The children in IIA responded immediately says ‘a’. Another in the group, 9-year-old Betty
Romp, "practically refuses to talk," a researcher wrote in his final evaluation. "Held hand or arm
over eyes most of the time." Hazel Potter, 15, the oldest in her group, became "much more
conscious of herself, and she talked less," Tudor noted. Potter also began to snap her fingers in
frustration. She was asked why she said 'a' so much. "Because I'm afraid I can't say the next word."

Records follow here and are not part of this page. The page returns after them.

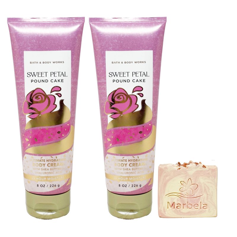 Bath & Body Works Sweet Petal Pound Cake - 2 pack of Ultimate Hydration Body Cream with a Marbela Himalayan Salts Springs Bar Soap. (Marbela Soap May Very)
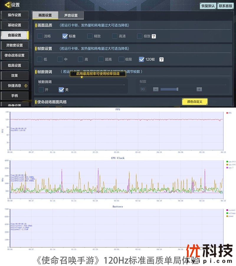 而与和平精英类似的大场景对战类游戏使命召唤手游则是选择120Hz标准画质,经过短时间的单局比赛,平均帧率为119.95Hz,基本上都是贴着满帧在运行。
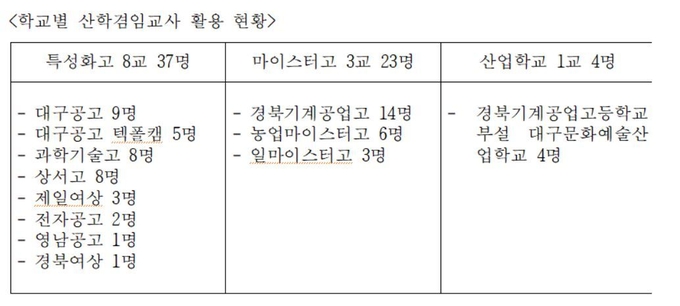 대구농업마이스터고 등 특성화고 8교에 37명, 경북기계공업고등학교 등 마이스터고 3교 23명, 경북기계공업고등학교 부설 대구문화예술산업학교 1교 4명 등 직업계고 12교에 64명을 지원하며, 해당 학교에는 산학겸임교사 인건비 총 2억 7천 7백만 원을 지원한다.
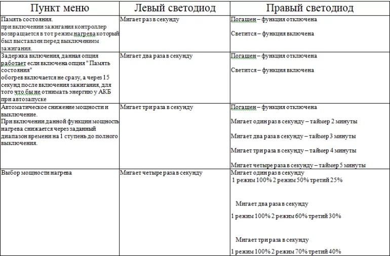 Контроллер позволяет реализовать 3-х уровневый подогрев передних сидений в автомобилях Лада Гранта и Калина-2, в которых отсутствует данная функция. Кнопки остаются штатные. Определить, какой включен режим подогрева можно по работе индикатора (100% - светодиод горит постоянно, 50% - светодиод изредка моргает, минимальный режим - светодиод быстро моргает)

"Why did you snap your fingers?" "Because I was afraid I was going to say 'a'. Three times after
her experiment had officially ended she returned to the orphanage to voluntarily provide follow-up
care. She told the IIA children that they didn't stutter after all. The impact is however well-meaning
was questionable.
Some felt the study was poorly designed and executed by Tudor, and as a result the data
offered no proof of Johnson's subsequent hypothesis that "stuttering begins, not in the child's
mouth but in the parent's ear that it is the well-meaning parent's effort to help the child avoid what
the parent has labelled "stuttering" (but is in fact within the range of normal speech) that contributes
to what ultimately becomes the problem diagnosed as stuttering. On 17 August 2007, six of the
orphan children were awarded a total of $925,000 by the State of Iowa for lifelong psychological
and emotional scars caused by six months of torment during the University of Iowa experiment.
The study learned that although none of the children became stutterers, some became self-
conscious and reluctant to speak.
From my opinion, many of the orphans testified that they were harmed by the
"Monster Study" but outside of Mary Tudor, who testified in a deposition on November 19,
2002, there were no actual eyewitnesses to the events. pathologists have argued that
Wendell Johnson did not intend to harm the orphan children and that none of the orphans
were actually diagnosed as "stutterers" at the end of the experiment. Other speech
pathologists have condemned the experiment and said that the orphans' speech and
behavior was adversely affected by the negative conditioning they received. Letters
between Mary Tudor and Wendell Johnson that were written shortly after the experiment
ended showed that the children's speech had deteriorated significantly. That is why the
orphans won the summon from the court.